中国で異例の訴訟、「必要なら最高裁まで争う」

 中国太平洋建設集団(CPCG)の創業者、厳介和氏は26日、地方政府をこのように訴えたのは同社が初めてだと語った。「必要なら、最高裁まで争うつもりだ」とも述べ、「間違いなく我々が勝つ。記録も証拠も明白だ」と付け加えた。

 CPCGは、国有企業が伝統的に支配してきた中国インフラ整備業界で最大の民間企業。昨年は600億ドルの売上高を計上し、世界の企業番付「フォーブス500」で第166位となった。また厳介和氏は、中国の民間調査会社、胡潤研究院が昨年まとめた中国の長者番付で第7位にランクされており、その資産は142億ドルに上ると推計されている。

 訴えられたのは市および県の6政府。中国国家統計局の馬建堂局長は先週、地方政府の債務は中国経済にとって最大のリスクの1つになっていると強調した。
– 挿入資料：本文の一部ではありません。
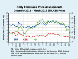 European Union emission allowance (EUA) prices declined in March on fading expectations that the regulator will intervene to withdraw supply from the market. EUAs for December 2012 delivery under the EU emissions trading system (ETS) fell as low as €6.93 ($9.25) per metric ton on March 22, down from...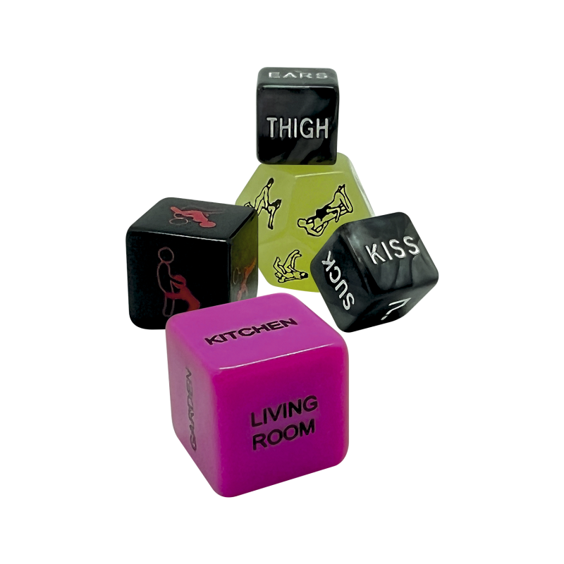 Set de 5 dados para romper el hielo e intensificar la atmósfera sexual… Al tirar los dados se determinará un juego de caricias a compartir con tu pareja.

先週発表された中国の昨年の経済成長率は、24年ぶりの低水準にとどまった。

 また中国の審計署(会計検査院に相当)によれば、2010年末に10兆7000億元だった地方政府の債務残高は、昨年6月までに18兆元に増えている。

 地方政府の昨年の債務残高のうち、CPCGが特化している「ビルド・アンド・トランスファー(BT)*1」方式でのインフラ整備プロジェクトによる債務は約8%、額にして1兆5000億元を占めていた。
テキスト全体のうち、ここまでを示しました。